Merging Models and Databases
SQL, which stands for structured query language, is a programming language tailored for storing and managing data within databases. In SQL, users can pose queries regarding data using specific keywords, such as summing, filtering, or grouping database records.
Nevertheless, leveraging a model can provide deeper insights, as models can interpret what data signifies for an individual. For instance, a female developer questioning her salary might be more interested in how salary data relates to her specifically than in general database trends.
Researchers observed that SQL lacked an efficient mechanism to include probabilistic AI models, while approaches incorporating probabilistic models for inferences didn’t support complex database queries.

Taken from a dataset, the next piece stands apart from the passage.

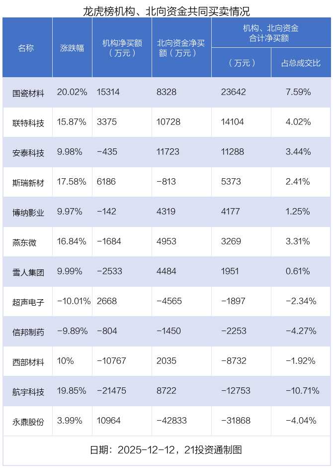 值得注意的是,机构和北向资金共同净买入了联特科技、国瓷材料等2股;共同净卖出了信邦制药;在安泰科技,航宇科技,燕东微,雪人集团,博纳影业,西部材料,斯瑞新材,超声电子,永鼎股份上出现分歧,机构净卖出安泰科技434.68万元,北向资金净买入1.17亿元;机构净卖出航宇科技2.15亿元,北向资金净买入8721.9万元;机构净卖出燕东微1684.25万元,北向资金净买入4952.93万元;机构净卖出雪人集团2533.3万元,北向资金净买入4484.23万元;机构净卖出博纳影业141.93万元,北向资金净买入4319.06万元;机构净卖出西部材料1.08亿元,北向资金净买入2034.56万元;机构净买入斯瑞新材6186.4万元,北向资金净卖出813万元;机构净买入超声电子2667.58万元,北向资金净卖出4564.65万元;机构净买入永鼎股份1.1亿元,北向资金净卖出4.28亿元。

To address this gap, they developed GenSQL, allowing users to interrogate both a dataset and a probabilistic model using a straightforward yet powerful formal programming language.
A GenSQL user uploads their data and probabilistic model, which are seamlessly integrated by the system. Consequently, the user can execute queries on data that also incorporate input from the underlying probabilistic model. This not only enables complex queries but also yields more precise responses.
For instance, a GenSQL query may ask, “How probable is it that a Seattle-based developer is proficient in the programming language Rust?” Solely analyzing correlations between database columns might overlook subtle dependencies, whereas integrating a probabilistic model can capture intricate interactions.
Moreover, GenSQL’s probabilistic models are traceable, allowing users to understand the data driving decision-making. Furthermore, these models provide calibrated uncertainty metrics along with every response.
For example, with calibrated uncertainty, when querying the model for projected outcomes of various cancer treatments for a patient from an underrepresented minority group in the dataset, GenSQL would transparently display uncertainty levels rather than inaccurately advocating for a treatment with excessive confidence.
Enhanced Speed and Precision
In assessing GenSQL, the researchers compared their system to prevalent baseline methods utilizing neural networks. GenSQL was found to be between 1.7 and 6.8 times faster than these methods, swiftly executing most queries within milliseconds while furnishing more precise outcomes.
The team also implemented GenSQL in two case studies: one involving the identification of mislabeled clinical trial data and the other generating precise synthetic data capturing complex genomic relationships.
Future endeavors include broadening the application of GenSQL to conduct extensive modeling of human populations. With GenSQL, the researchers can generate synthetic data for drawing inferences about aspects like health and salaries while regulating the information used in the analysis.
Additionally, the researchers aim to enhance the usability and capabilities of GenSQL by introducing new optimizations and automations to the system. Ultimately, they aspire to enable users to present queries in natural language with GenSQL, envisaging the development of an AI expert akin to ChatGPT that can address any database queries, substantiated by GenSQL interrogations.
This research is funded in part by the Defense Advanced Research Projects Agency (DARPA), Google, and the Siegel Family Foundation.